**Data records:**
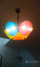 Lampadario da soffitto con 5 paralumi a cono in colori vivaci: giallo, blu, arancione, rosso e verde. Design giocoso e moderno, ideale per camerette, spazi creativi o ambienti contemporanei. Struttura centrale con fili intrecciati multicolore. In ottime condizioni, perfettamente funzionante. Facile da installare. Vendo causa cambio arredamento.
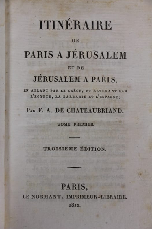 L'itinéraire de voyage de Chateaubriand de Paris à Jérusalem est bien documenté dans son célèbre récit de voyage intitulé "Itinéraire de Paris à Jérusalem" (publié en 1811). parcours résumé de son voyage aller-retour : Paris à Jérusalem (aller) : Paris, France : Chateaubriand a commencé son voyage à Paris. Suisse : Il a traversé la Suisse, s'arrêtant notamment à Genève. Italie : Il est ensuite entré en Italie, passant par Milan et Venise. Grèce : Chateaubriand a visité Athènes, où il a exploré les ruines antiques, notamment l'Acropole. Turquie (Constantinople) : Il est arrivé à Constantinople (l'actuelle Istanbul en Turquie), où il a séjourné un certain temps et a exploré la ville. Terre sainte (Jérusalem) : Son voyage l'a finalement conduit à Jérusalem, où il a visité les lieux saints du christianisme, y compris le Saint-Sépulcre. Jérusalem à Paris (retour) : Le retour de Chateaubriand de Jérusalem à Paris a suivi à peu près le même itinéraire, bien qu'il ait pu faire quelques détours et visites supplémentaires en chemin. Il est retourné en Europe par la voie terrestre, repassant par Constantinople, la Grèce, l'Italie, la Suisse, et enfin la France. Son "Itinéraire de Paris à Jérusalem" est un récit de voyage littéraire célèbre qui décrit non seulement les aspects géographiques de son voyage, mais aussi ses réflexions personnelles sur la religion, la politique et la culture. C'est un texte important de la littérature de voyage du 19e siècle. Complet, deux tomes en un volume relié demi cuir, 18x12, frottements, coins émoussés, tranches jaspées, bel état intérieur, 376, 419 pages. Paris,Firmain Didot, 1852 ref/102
==
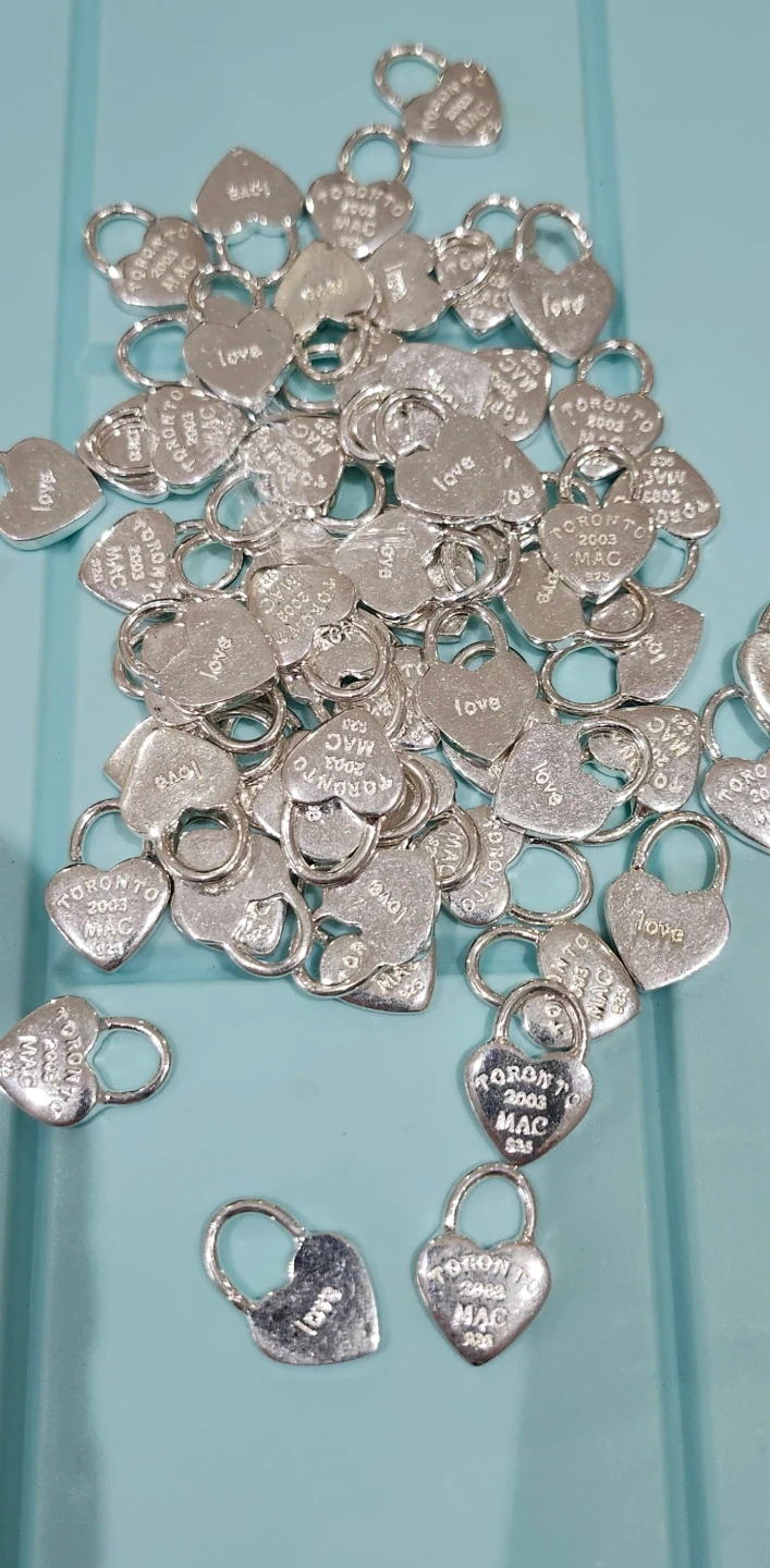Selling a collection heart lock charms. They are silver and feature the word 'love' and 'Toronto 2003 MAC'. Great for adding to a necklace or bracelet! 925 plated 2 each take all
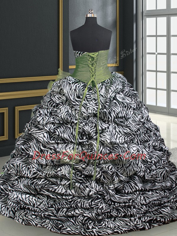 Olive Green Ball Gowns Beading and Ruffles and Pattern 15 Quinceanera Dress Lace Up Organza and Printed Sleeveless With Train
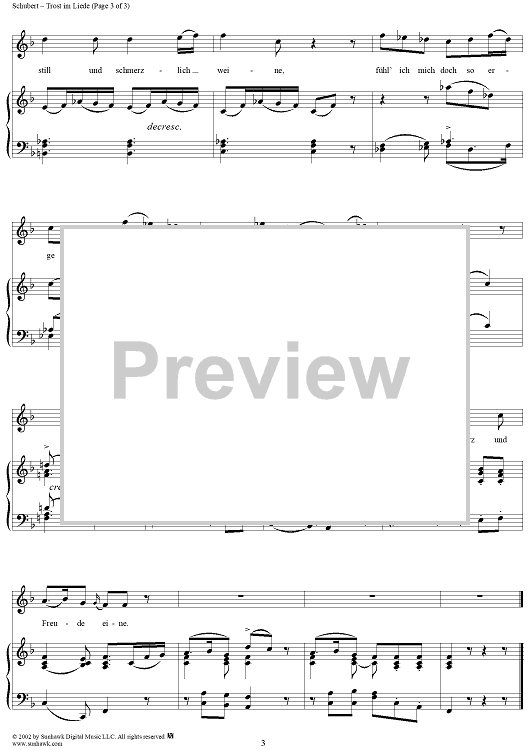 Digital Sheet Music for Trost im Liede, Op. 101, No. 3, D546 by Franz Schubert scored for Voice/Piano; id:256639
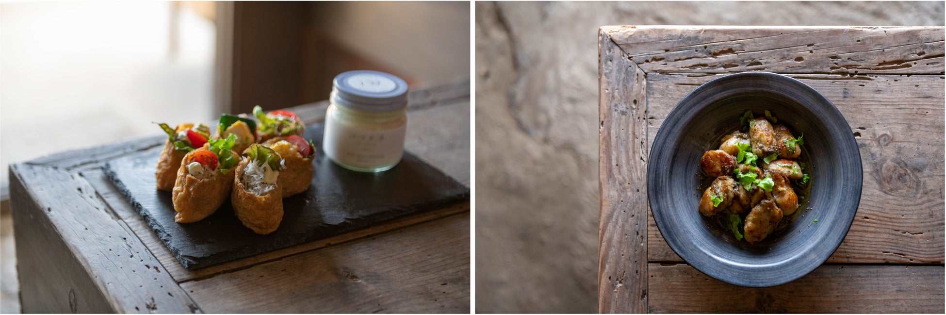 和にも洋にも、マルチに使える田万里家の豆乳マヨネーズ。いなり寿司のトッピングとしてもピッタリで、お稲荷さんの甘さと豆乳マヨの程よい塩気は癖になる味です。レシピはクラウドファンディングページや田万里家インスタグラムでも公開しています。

**What you are asked to do:** All that should be printed is the run of lines above from the one with "Digital Sheet Music" through the one with "和にも洋にも、マルチに使える", both included, exactly as given, with pictures left out.

**Final answer:**
 Digital Sheet Music for Trost im Liede, Op. 101, No. 3, D546 by Franz Schubert scored for Voice/Piano; id:256639
 和にも洋にも、マルチに使える田万里家の豆乳マヨネーズ。いなり寿司のトッピングとしてもピッタリで、お稲荷さんの甘さと豆乳マヨの程よい塩気は癖になる味です。レシピはクラウドファンディングページや田万里家インスタグラムでも公開しています。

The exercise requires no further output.